= John McQueen Johnston =

Scottish physician and pharmacologist (1901–1987)

John McQueen Johnston FRSE CBE FRCPE FRCSE LLD (1901–1987) was a Scottish physician and pharmacologist. He served as the Principal Medical Officer for the Department of Health in Scotland until 1968.

==History==
He was born in Falkirk in central Scotland on 26 December 1901, the son of a local schoolmaster.
He studied medicine at Glasgow University graduating MB ChB in 1923.

From 1925 to 1931 he served as the local GP to Torridon on the north-west coast of Scotland. He then began lecturing in Materia Medica at Glasgow University.
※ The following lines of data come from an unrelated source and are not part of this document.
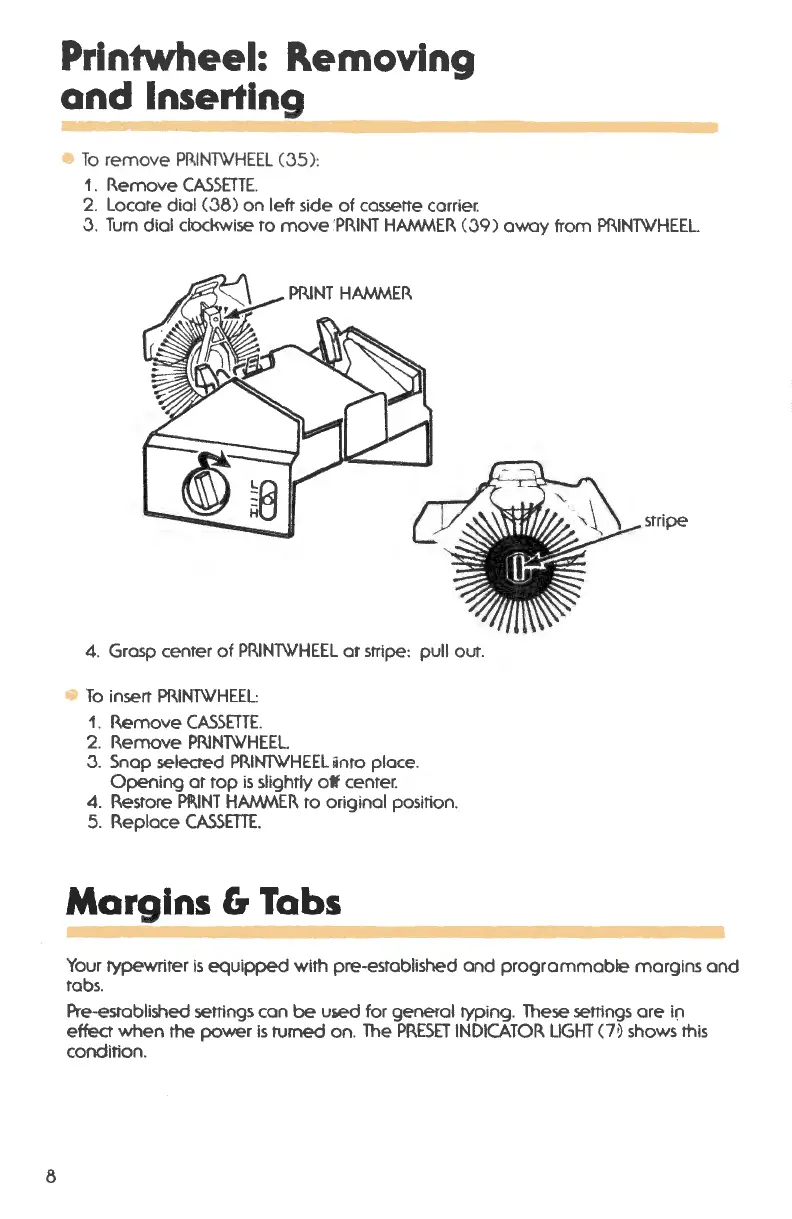 4. Grasp center of PRINTWHEEL or stripe: pull out .
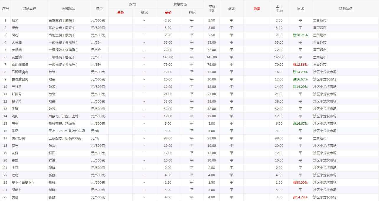 粮油内禽蛋菜水产品等价格应急监测情况(重百超市、小龙坎农贸市场)采价日期(2026年2月25日)
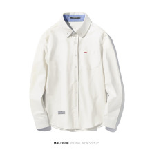 春季男士日系牛津纺衬衫男纯色长袖 青年学生休闲衬衣纯棉白衬衫
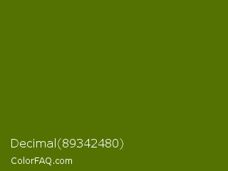 Decimal 89342480 Color is a dark lime color and the nearest color is Avocado #568203. Hex code #547202 and RGB value is rgb(84,114,2). In RGB color space, this color is composed of 33% red, 45% green, 1% blue, In CMYK color space, this color is composed of 26% cyan, 0% magenta, 98% yellow , 55% black , In HSL color space, this color has a hue angle of 76° , 97% saturation and 23% lightness.
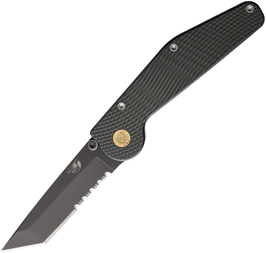 Automatic opening.4.75″ (12.07cm) closed. 3.5″ (8.89cm) gray coated partially serrated ATS-34 stainless tanto blade. Green checkered aluminum handle. Thumb stud. Pocket clip. Brass push button. Boxed.
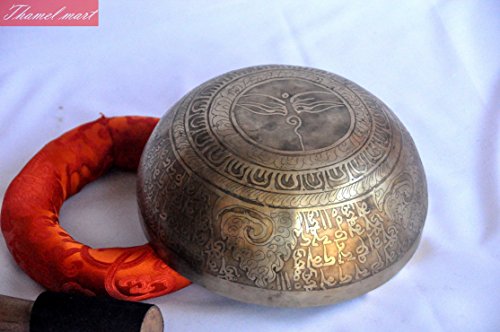 Studio : thamelmart Publisher : thamelmart Product Description This singing bowl is a special bowl, which is made of seven metals, i.e. gold, silver, copper, iron, tin, lead, and zinc. All the metal used has a specific purpose and represent the sun and the moon and other planets. This bowl can be used for meditation, music, and chakra cleansing. A leather striker is included with this singing bowl and this bowl was hand-hammered in Nepal. This bowl is truly hand made in a traditional way at singing-bowl house . Due to handmade bowl,the surface have several marked of hammered on it.The bowl have long lasting tune which create totally peaceful environment around you . who are looking for real handmade bowl from Himalaya will not be disappointing by this bowl. MEASURMENT This is handcrafted bowl therefore please note that each one might have slight variations in measurement. Diameter: 8 inch Height : 4.5 inch Weight : 1600 gram(only bowl) (1931grams with striker and cushion) 0
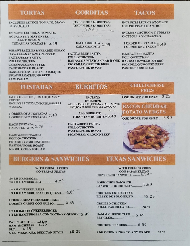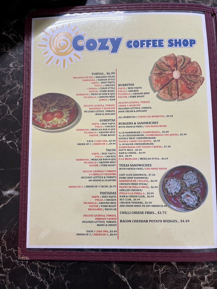 Cozy Cafe's menu shines with its Texas-inspired offerings. Signature dishes like the Cozy Club Sandwich ($7.50) and Chicken Fried Steak ($6.99) deliver hearty flavor with every bite. For lighter fare, try the Grilled Chicken ($5.99) or savor some Chilli Cheese Fries ($3.75).
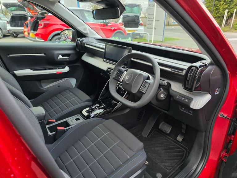 This 2025 Citroen e-C3 Standard Range PLUS is an exceptional example, boasting incredibly low mileage of just 1218 miles for its age and having had only one owner from new. As an all electric vehicle, this PLUS trim model features a substantial 44 kWh battery, offering a maximum range of 202 miles when new. Charging is convenient, with a full charge at home using a 7kW charger taking approximately 5 hours and 33 minutes, while rapid public charging can take you from empty to 80% in as little as 34 minutes.Inside, you'll find a wealth of modern technology designed to enhance your driving experience. The 10.25 inch capacitive touchscreen includes DAB radio with 6 loudspeakers, wireless Mirror Screen functionality for seamless Apple CarPlay and Android Auto integration, and Bluetooth connectivity. Enjoy the clarity of LED headlights with electric levelling and the innovative Citroen Head Up Display. Practicality is also key, with rear parking sensors and manual air conditioning ensuring comfort and ease of use on every journey. These features collectively demonstrate how this e-C3 offers a superior and more connected driving experience compared to other vehicles in its class.
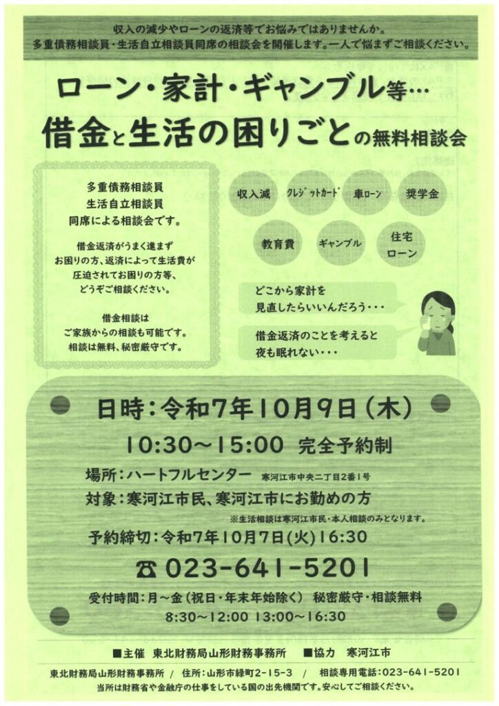 2025年 10月 9日(木曜日) 10:30~ 借金と生活の困り事の無料相談会(完全予約制) 会場:ハートフルセンター(寒河江市中央二丁目2番1号) 主催:東北財務局 山形財務事務所 【協力】寒河江市 ■チラシダウンロード [連絡先] 東北財務局 山形財務事務所 相談専用電話:023-641-5201
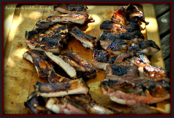 Prende la parrillera y cuando los carbones ya estén en brasas pones las patatas y los pimientos dentro de las brasas. Pon a asar las costillas, unos 11 minutos por lado, cuando veas que están doradas y soltando sangre, ya están listas.

Concurrently he worked direct for the Department of Health in Scotland rising to be Principal Medical Officer to Scotland.

He received his doctorate (MD) in 1934. In 1936 he was elected a Fellow of the Royal Society of Edinburgh. His proposers were Ralph Stockman, Thomas Nicol, John Walton and Sir Edward Battersby Bailey.
He was created a Commander of the Order of the British Empire (CBE) in 1968.

Johnston died in Edinburgh on 28 July 1987 but is buried near his early home, in Dalarossie churchyard in Inverness-shire in northern Scotland.